Task input -
::::::

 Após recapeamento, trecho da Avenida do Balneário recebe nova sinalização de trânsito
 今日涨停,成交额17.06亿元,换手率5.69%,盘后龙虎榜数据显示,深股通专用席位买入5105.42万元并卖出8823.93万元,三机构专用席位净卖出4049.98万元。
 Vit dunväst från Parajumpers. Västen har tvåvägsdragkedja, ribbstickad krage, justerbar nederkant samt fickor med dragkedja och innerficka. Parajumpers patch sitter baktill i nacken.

::::::

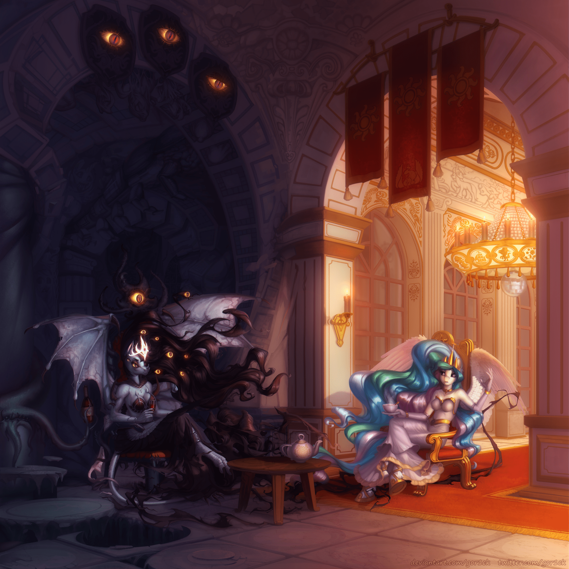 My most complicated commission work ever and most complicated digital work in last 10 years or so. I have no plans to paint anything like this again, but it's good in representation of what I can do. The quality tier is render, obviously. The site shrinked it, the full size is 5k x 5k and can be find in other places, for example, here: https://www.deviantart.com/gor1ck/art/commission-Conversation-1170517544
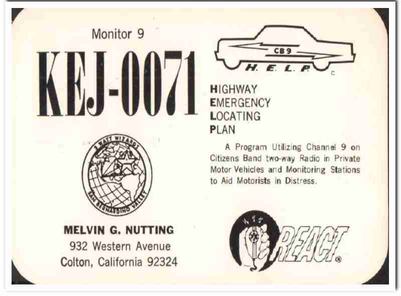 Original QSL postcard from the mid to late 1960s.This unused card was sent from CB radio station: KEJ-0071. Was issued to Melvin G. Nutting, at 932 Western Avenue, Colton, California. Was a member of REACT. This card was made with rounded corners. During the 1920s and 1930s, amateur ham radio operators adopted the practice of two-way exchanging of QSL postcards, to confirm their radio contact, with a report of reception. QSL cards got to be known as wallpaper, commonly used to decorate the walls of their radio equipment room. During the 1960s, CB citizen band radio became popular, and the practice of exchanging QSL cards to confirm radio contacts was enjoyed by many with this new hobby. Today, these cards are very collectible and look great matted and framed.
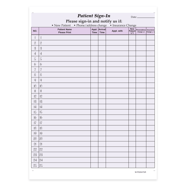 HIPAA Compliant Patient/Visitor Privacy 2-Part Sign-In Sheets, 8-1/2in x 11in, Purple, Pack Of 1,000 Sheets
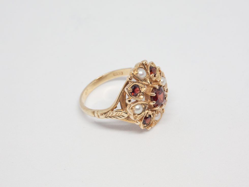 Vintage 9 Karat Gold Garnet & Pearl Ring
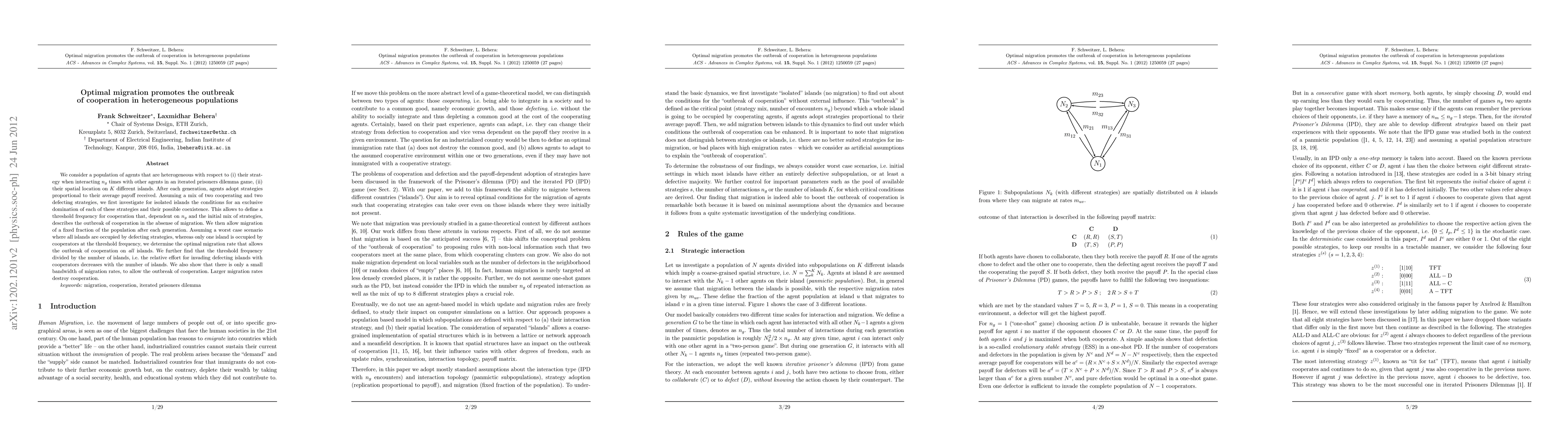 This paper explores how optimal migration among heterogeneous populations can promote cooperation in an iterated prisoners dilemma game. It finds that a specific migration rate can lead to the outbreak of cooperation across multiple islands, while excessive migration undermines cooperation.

::::::

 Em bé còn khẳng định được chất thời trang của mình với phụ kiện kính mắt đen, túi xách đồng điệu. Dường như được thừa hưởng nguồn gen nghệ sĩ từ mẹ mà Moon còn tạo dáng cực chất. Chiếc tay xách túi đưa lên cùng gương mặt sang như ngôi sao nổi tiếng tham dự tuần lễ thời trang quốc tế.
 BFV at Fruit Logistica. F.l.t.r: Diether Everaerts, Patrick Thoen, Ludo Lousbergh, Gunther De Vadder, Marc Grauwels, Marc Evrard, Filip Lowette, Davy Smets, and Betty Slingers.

::::::

The task - Repeat, exactly as they stand above, the lines from the line with "Após recapeamento, trecho" to the line with "Vit dunväst från", both lines included.

Solution to this exercise -
 Após recapeamento, trecho da Avenida do Balneário recebe nova sinalização de trânsito
 今日涨停,成交额17.06亿元,换手率5.69%,盘后龙虎榜数据显示,深股通专用席位买入5105.42万元并卖出8823.93万元,三机构专用席位净卖出4049.98万元。
 Vit dunväst från Parajumpers. Västen har tvåvägsdragkedja, ribbstickad krage, justerbar nederkant samt fickor med dragkedja och innerficka. Parajumpers patch sitter baktill i nacken.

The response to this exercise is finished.